Earlier this month Adelaide Critics Circle received a request from South Australia’s Mental Health Commissioner, Taimi Allen, to be inoffensive during the Adelaide Fringe. The Fringe opens in late February and is among the biggest events in the world inspired by the Edinburgh Fringe.
The Commissioner has invited critics to a forum where we can "explore the impact of reviews on artists’ mental health and provide guidance on delivering constructive feedback without being detrimental to artist wellbeing”
It does suggest a new world order has arrived in the tradition of theatre criticism.
Do you remember that Dorothy Parker shot, when she described one actor: “she ran the gamut of human emotions all the way from A to B”?
I’m sure the Mental Health Commissioner’s advice would have been like water off a duck’s back.
At last year’s 2024 Fringe an actor presented a show exploring the life and put-downs of Dorothy Parker.
Her performance was, shall we say – nicely – capable of improving as the season continued.
Of course the reviews didn’t stop audiences who went along to gain a perspective on one of the great names in the theatre reviewing trade. Such is showbiz.
The Mental Health Commissioner’s forum will include insights from mental health professionals on the psychological effects of reviews.
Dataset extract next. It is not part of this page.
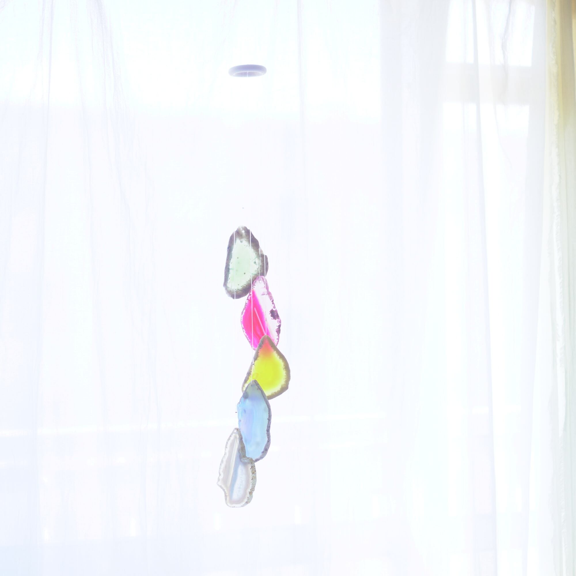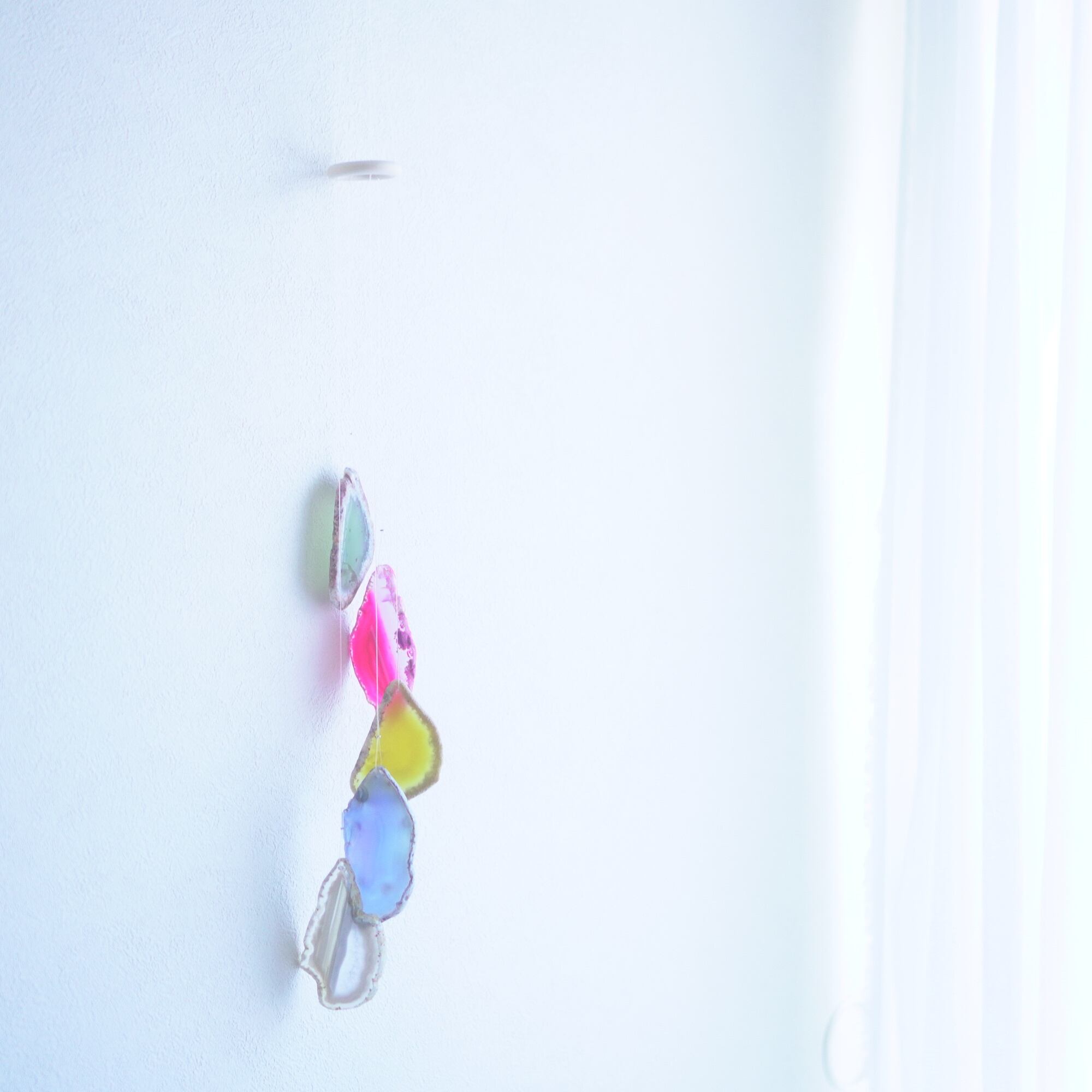 そしてカーテン越しではなく直射日光を当てた際のサンキャッチャーとしてのチャイムも、美しい光をお部屋の中に運んでくれます。

There will be advice on writing reviews that are fair, honest and mindful.
There will be an open conversation about the intersection of critique and artist wellbeing.
These notions do split the reviewer’s loyalties, which are usually aimed at their readers rather than the performers.
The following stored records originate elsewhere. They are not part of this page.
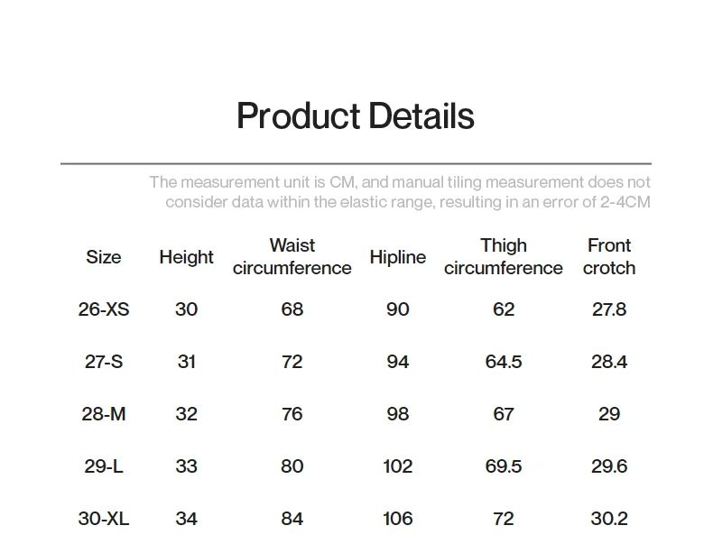 For non-stretch garments like Tailored Pants, Denim, or High-Waisted styles, prioritize the Waist measurement. For Skirts and Shorts, the Hip measurement is crucial to ensure smooth movement and fit over the fullest part of your body. If your hips and waist fall into different sizes, choose the size that accommodates your larger measurement.
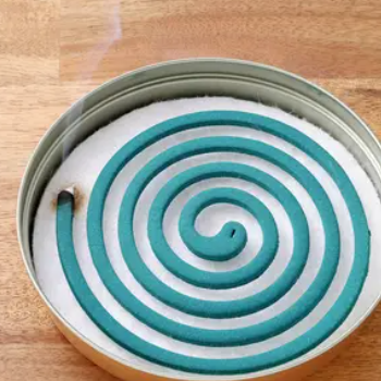 예전에 우리가 일반적으로 사용하는 모기향은 초록색의 소용돌이 형태로 끝에 불을 붙여서 사용하였습니다. 하지만, 모기향에 사용되던 초록색의 염료가 인체에 해롭다는 문제가 제기 되어 이후로는 갈색 등으로 바뀌게 되었습니다.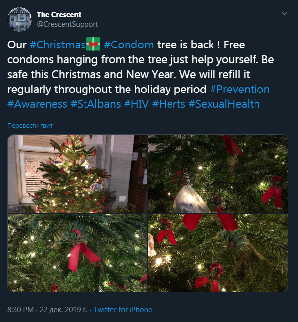 Как пояснили в Crescent, обычно люди могут в любое время прийти в центр и получить бесплатные презервативы, но в период Рождества у них, как  правило, нет на это времени, поэтому активисты приняли решение «наряжать» елку вплоть до двенадцатой ночи (5 января 2020 года).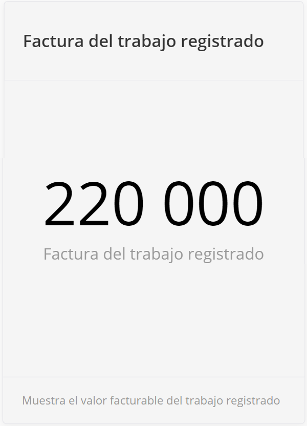 Este widget es bastante similar al widget de salario por trabajo registrado. La diferencia es que este widget muestra el valor de las facturas. El usuario puede agregar algunos candidatos como empleados para algunos trabajos del proyecto. Estos empleados pueden registrar su trabajo y, según el trabajo registrado, recibir un salario. Hay varios tipos de trabajo registrado: Horas, Ausencia, Adiciones, Trabajo a destajo, Pago diario, Pago mensual, Horas extras, Adiciones en tiempo, Ausencia autogestionada y Recibos. Además, el trabajo puede estar aprobado, esperando a ser aprobado y facturado.

The critic is there to provide information, sometimes very colourful, witty, or caustic information, about the show they have witnessed to inform readers. Quite separately, the critic is going to have to be smart enough and engaging enough to attract readers to their reviews. Only in special circumstances are they there to address the performers.
As a long time reviewer I have been contacted occasionally about the upset I have caused performers or others among the many people bringing a show to the stage.
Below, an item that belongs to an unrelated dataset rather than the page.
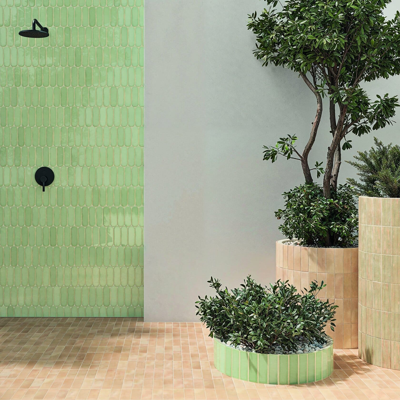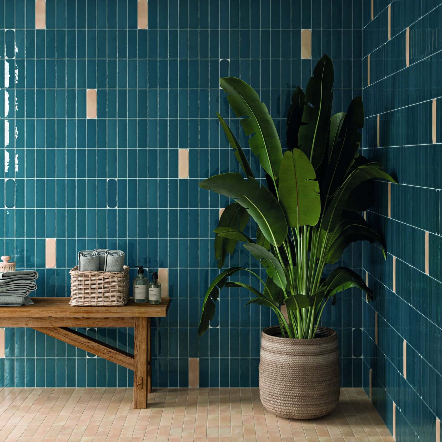 Die Kollektion besteht aus drei verschiedenen Teilen, die zu Kompositionen voller Rhythmus, Textur und Bewegung kombiniert werden können. Das Basisstück, ein 5×15 cm großes Rechteck, vermittelt durch seine leichten Größenunterschiede, die an traditionelle handgefertigte Fliesen erinnern, eine starke handwerkliche Essenz. Diese Unregelmäßigkeit unterstreicht ihren authentischen, natürlichen Charakter und verleiht jeder Oberfläche eine warme Note.

These are especially difficult when made into part of a perspective about the performer’s recent ill-health, bad luck, family tragedy and such like. Similarly, the criticism of my own reviews, not always unjustified, has had to borne with a kind of stoicism on my part.
These are all the results of what is known in newspapers as “fair comment”. Reviews are delivered under the rules of “fair comment” where the reviewer, by right of expressing their own authentic views and by being accurate with any information, has licence to voice opinion.
It makes mockery of any suggestion that reviews are objective. They are opinion, backed by experience and expertise in the field and from life.
I did once meet a contingent of theatre critics from the then USSR who explained they all had a university education in theatre criticism. That did make me struggle to be inoffensive. Can you criticise a collective of critics?
As a long time arts editor, dealing with a stable of reviewers, I have witnessed the gamut – this time from A to Z – of complaints and threats ranging up to defamation cases, that eventuate from reviews in newspapers. We have even had newspaper headlines when performers have stopped major shows – Richard Harris in Camelot as I recall was one such case – to abuse the reviewer from the stage.
Honest opinion, well-expressed by critics, can have among the most important roles in news media. Unlike news reporting, the best present a picture of the culture of a community. They might be of a local dramatic or church society, or a blockbuster mainstage musical.
The loss of reviewers’ columns in mainstream media in Australia has been a tragedy for the arts and for reviewers. Fortunately, reviewing has found a place online and you can only hope that critics can continue to find audiences and shape the narrative about culture.